After the three weeks I had to return home to California. I bid her goodbye and told her I would see her as soon as I could. It was hard to leave, but there was nothing I could do for her at that time. She stayed in neuro ICU for the next 5 weeks and then was transferred to a rehab center. Unfortunately, after only 1 week the doctors at rehab decided that she was not ready for the intense rehabilitation that they offered. She was put into a hellhole of a hospital. She started to learn to eat again, though she was very confused most of the time. I went to visit her for a week in the middle of April and she looked terrible. I found her strapped to her wheelchair, alone in the hallway when I arrived. (I won't go into many details about this hospital, but I will mention that they dropped her twice and one of those times was in the shower where she hit her head so hard she still has discoloration!)
After 6 weeks she was released again to the Rehabilitation Institute of Chicago. She was there for 5 weeks when they felt that there was nothing more that they could do for her. It was at that time I went home again for the first week that she was released from the hospital.

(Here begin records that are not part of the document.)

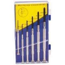 Mint craft JL360013L Precision Screwdriver Set 6 Piece has a chrome finished, metal fluted handle with black finished, corrosion resistant tip and plastic case.
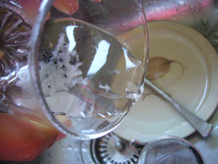 Die Fruchtfleisch-Samen-Pampe in ein Glas füllen, nicht zu viel auf einmal. Mit Wasser auffüllen und ordentlich rühren. Etwas warten, bis die Samen abgesunken sind. Das Fruchtfleisch lässt sich ganz gut abschütten - immer wieder auffüllen. Evtl. geht's in einem unten schmalen, oben großem Glas (Sektglas oder so was) besser. Am Ende die Samen wieder in's Sieb schütten (und Frühstarter, die nicht warten wollten, bis das ganze Fruchtfleisch weg is, natürlich genau so ), nochmal gut waschen. Samen auf ein Küchentuch schütten, verteilen und ab in die Sonne zum Trocknen. Die Samen kleben ziemlich fest, lassen sich aber, wenn sie groß genug sind, mit dem Fingernagel gut abkratzen. In ein Tütchen füllen, sobald sie RICHTIG trocken sind - im Zweifel lieber in einem offenen Plastikbecher oä. noch ein, zwei Tage zwischenlagern.
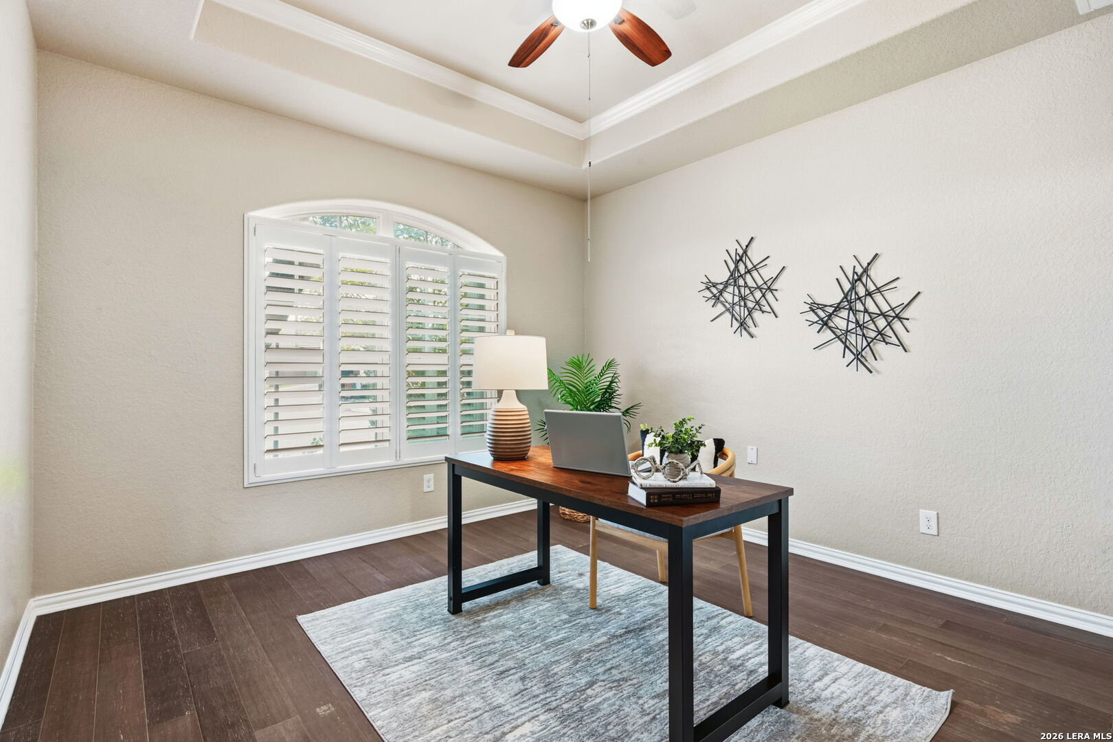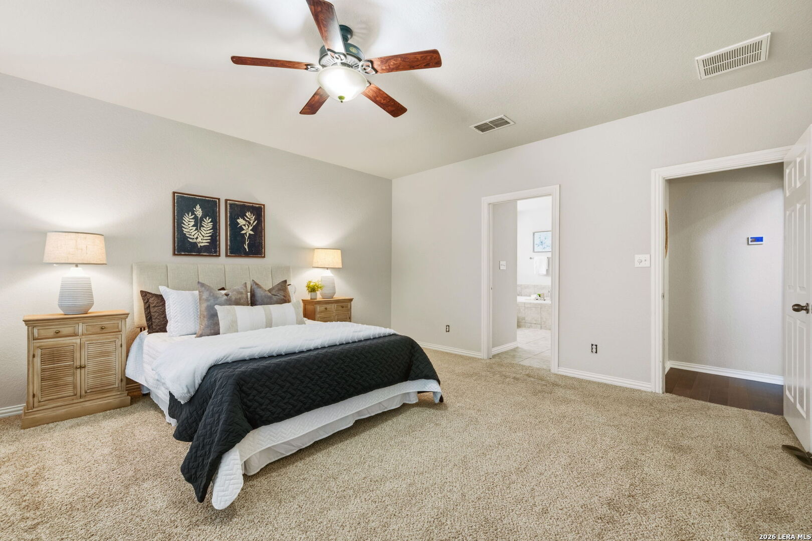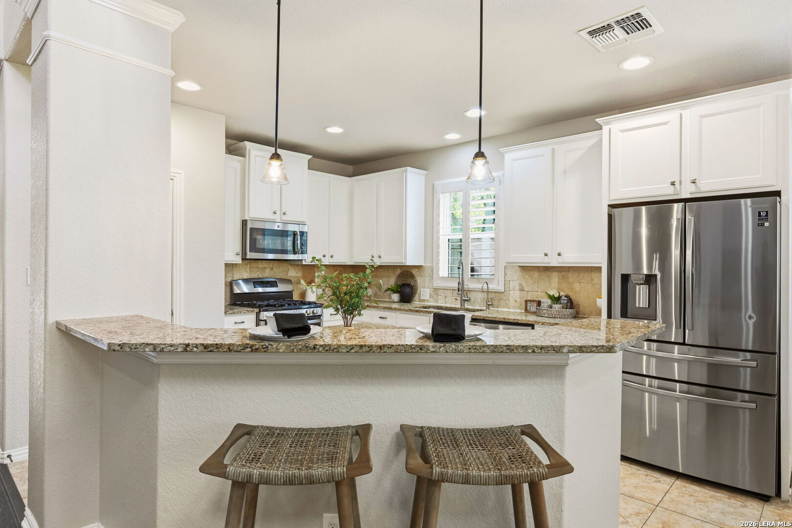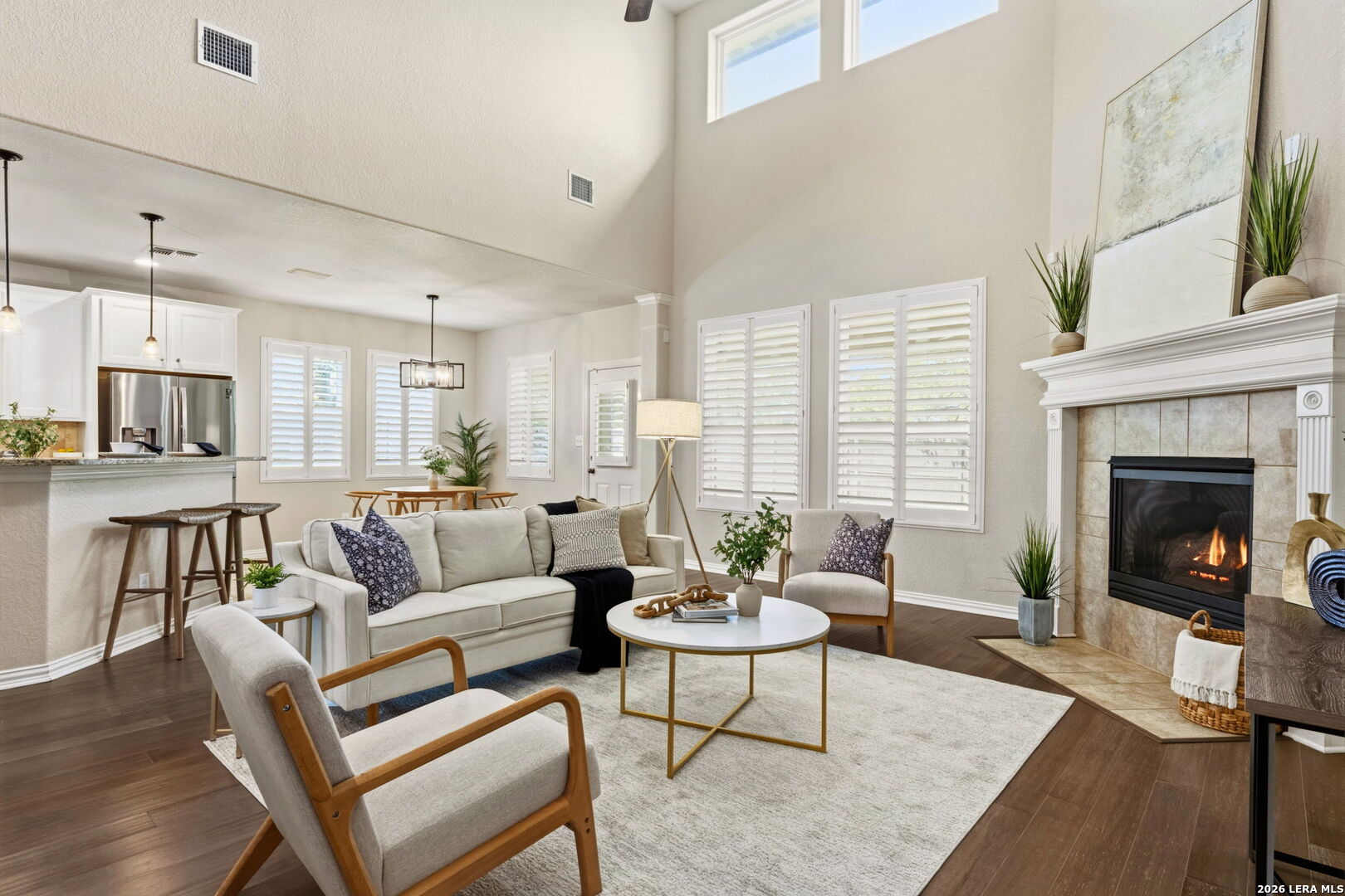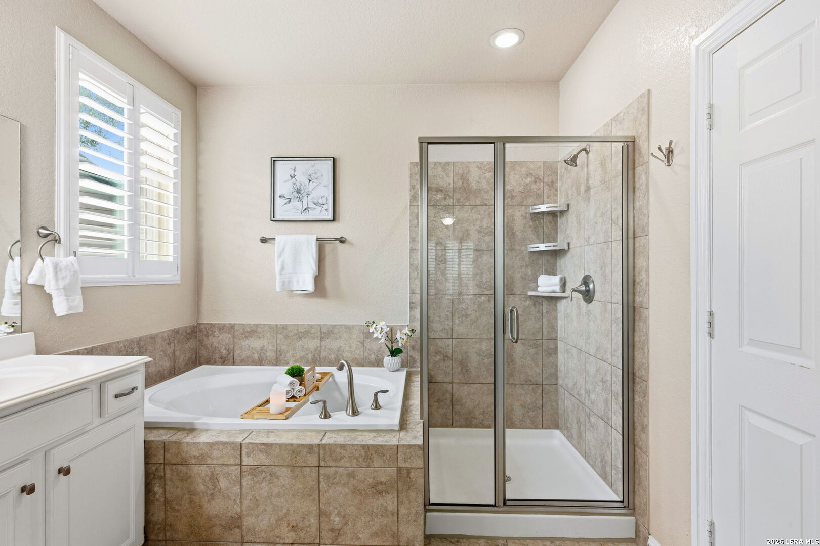Exceptional opportunity in the gated community of Kinder Ranch-offering a rare advantage in today's market with a VA assumable loan at an incredible 2.75% interest rate (for qualified buyers). Situated on a generously sized lot, this beautifully maintained David Weekley home delivers the space, upgrades, and value buyers are searching for-without the wait or added expense of new construction. Step inside through a custom iron door into a grand foyer featuring rich bamboo flooring and a light-filled interior. The impressive two-story family room showcases soaring ceilings, plantation shutters, and an open-concept design ideal for both everyday living and entertaining. The thoughtfully designed kitchen offers a breakfast bar, eat-in dining space, and seamless flow into the main living areas, complemented by surround sound throughout the downstairs. A separate dining room provides flexibility for formal gatherings or could be used as a flex room. Enjoy outdoor living at its finest with an expansive covered patio, basketball pad, and a spacious backyard-perfect for entertaining or relaxing in your own private retreat. Located within highly sought-after Comal ISD, this home combines lifestyle, value, and location-making it a standout option in a neighborhood where homes are competing with new construction. Motivated seller-bring your buyers.
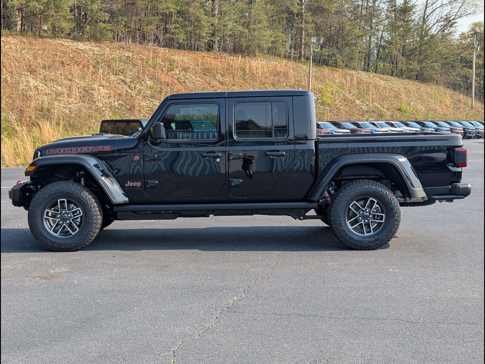 Meet the 2026 Jeep Gladiator Mojave in sleek Black — a desert-tuned pickup that blends serious off‑road capability with everyday comfort. With a reinforced frame, Mojave-tuned suspension and performance shocks, plus a rugged 4x4 system and a versatile pickup bed, it’s built to conquer high‑speed off‑road runs and still handle your daily haul. Inside, modern Uconnect infotainment, smartphone integration and comfortable seating keep you connected and comfortable on every drive. Best of all, it comes backed by basic, powertrain and rust warranties for added peace of mind — stop in today and take the Mojave for a test drive.
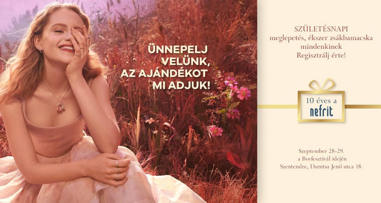A Nefrit Óra- Ékszer üzlet születésnapja, illetve a Szentendrei Borfesztivál tökéletes apropója lehet, hogy a kellemes őszi hétvégén kicsit kimozduljunk a fővárosból. Szeptember 28-29-én a születésnap alkalmából az üzlet egy kis ajándékkal kedveskedik mindenkinek, aki kíváncsi a legstílusosabb és legtrendibb ékszerekre, amelyek könnyen megtalálhatjuk kedvenc őszi kiegészítőinket is.
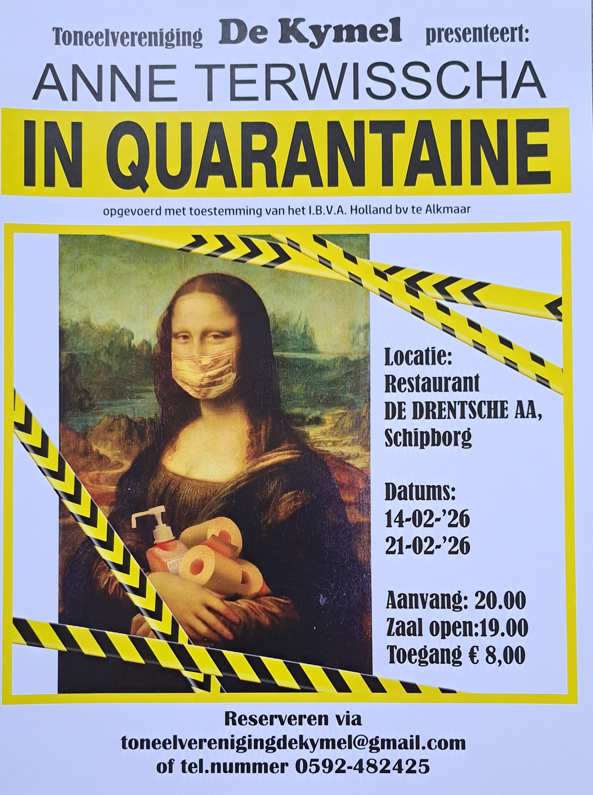 De Kymel speelt deze avonden het blijspel “In Quarantaine”. Dit stuk, geschreven door Anne Terwisscha, is een blijspel in drie bedrijven en speelt zich af in de hal van een museum ergens hier in Nederland. Museumdirecteur Frans kampt met te weinig bezoekers en zou graag willen dat er meer bezoekers naar zijn museum komen. Dan breekt plotseling de besmettelijke ziekte “de pepperitis” uit. Iedereen moet daardoor drie dagen in “quarantaine”. Maar hier zitten een aantal bezoekers helemaal niet op te wachten.

She has been home for 15 weeks and I was just back to see her again about two weeks ago. She was going to outpatient therapy 3 times a week, but cannot physically handle it so now it is only 2 times a week. Her short-term memory is shot. She only knows I was there to visit recently because I sent her a card telling her how wonderful it was to see her. She hallucinates people being there that are not. Everyday she goes through the pain of realizing that important people in her life are dead like her mother and her daughter. She has no use of her left arm and is just now beginning to take awkward, baby steps. She seems to have no field of left vision in either eye. She cries all the time. She can't handle loud noise or the slightest bit of stress. She cannot attend to the most basic of duties for herself like the bathroom or dressing. She hates her life and wishes she were dead. I don't know how to comfort her. I tell her that she is getting stronger each day and that with time she will continue to get better, but she cannot comprehend it.
I am so filled with emotions about this tragedy. My mother did not have a stroke and I feel like somehow that this could have been prevented. I feel like the doctors took away my mother. They did not do the procedure they told us they were going to do so there was no need for the hypothermia, but they used it anyway. They gave us no inclination that mom could end up this way and whenever we pushed for answers about recovery our heads were bitten off and we were rebuffed. The aneurysm had begun to calcify so perhaps she was in no danger at all. I feel lied to or at the very least damn stupid. Why did they not respond sooner to her brain swelling? My mother was a very active, relatively healthy woman who had some headaches and now she is a mess. I know, I know - I should feel blessed that she is even alive I am ashamed to say, but I do not feel blessed because I hear and see the agony with which she lives with each day. Perhaps in time she will continue to get better, but the doctors have warned us not to expect too much more.
I am sorry if I sound cold, but I have so much anger and regret. All I want is peace for my mother and it seems like right now that will never happen for her again.
Thanks for the space for vent.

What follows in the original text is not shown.